* AVAILABLE DATA *
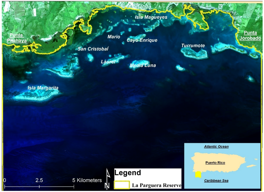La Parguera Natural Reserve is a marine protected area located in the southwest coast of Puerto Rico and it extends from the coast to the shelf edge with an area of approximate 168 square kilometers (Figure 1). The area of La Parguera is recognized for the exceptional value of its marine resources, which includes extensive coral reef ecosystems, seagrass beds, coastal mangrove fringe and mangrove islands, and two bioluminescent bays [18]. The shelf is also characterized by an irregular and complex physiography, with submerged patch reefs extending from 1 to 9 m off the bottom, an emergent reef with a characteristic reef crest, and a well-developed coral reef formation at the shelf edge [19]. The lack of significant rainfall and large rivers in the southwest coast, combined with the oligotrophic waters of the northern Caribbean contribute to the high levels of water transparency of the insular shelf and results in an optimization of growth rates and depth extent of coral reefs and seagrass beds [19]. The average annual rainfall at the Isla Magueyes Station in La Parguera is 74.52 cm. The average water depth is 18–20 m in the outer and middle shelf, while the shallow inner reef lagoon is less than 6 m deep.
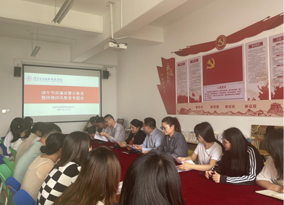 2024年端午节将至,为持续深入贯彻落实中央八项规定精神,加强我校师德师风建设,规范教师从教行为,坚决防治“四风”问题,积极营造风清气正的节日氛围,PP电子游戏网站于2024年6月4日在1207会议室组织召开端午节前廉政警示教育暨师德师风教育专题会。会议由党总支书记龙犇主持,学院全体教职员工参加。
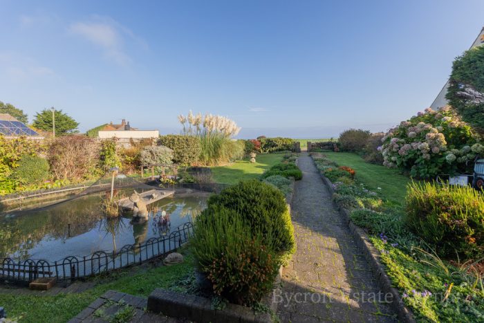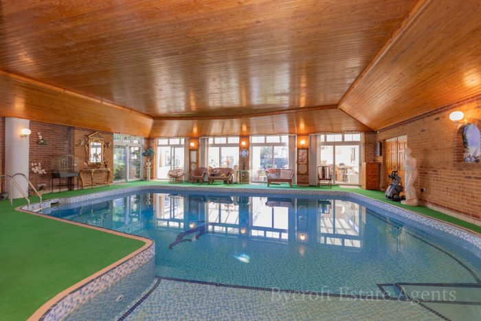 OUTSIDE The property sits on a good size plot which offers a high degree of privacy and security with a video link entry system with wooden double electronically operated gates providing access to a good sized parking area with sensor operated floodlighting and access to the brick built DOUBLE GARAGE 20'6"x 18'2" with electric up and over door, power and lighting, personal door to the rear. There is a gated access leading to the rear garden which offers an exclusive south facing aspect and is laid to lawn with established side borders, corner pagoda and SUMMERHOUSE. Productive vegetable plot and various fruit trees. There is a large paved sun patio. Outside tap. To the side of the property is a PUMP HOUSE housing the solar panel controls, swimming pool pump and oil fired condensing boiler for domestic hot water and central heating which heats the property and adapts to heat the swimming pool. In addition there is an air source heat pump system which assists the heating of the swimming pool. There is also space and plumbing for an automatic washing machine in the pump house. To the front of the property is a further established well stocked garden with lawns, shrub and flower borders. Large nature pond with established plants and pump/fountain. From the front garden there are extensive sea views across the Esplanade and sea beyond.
...
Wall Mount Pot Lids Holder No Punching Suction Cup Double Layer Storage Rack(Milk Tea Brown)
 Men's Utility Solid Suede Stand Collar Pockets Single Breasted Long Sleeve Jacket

* THE TASK *
What are the lines above, starting at the one with "Wall Mount Pot" and ending at the one with "Men's Utility Solid"? Give them again exactly, and only them.

* ANSWER TO THE PROBLEM *
Wall Mount Pot Lids Holder No Punching Suction Cup Double Layer Storage Rack(Milk Tea Brown)
 Men's Utility Solid Suede Stand Collar Pockets Single Breasted Long Sleeve Jacket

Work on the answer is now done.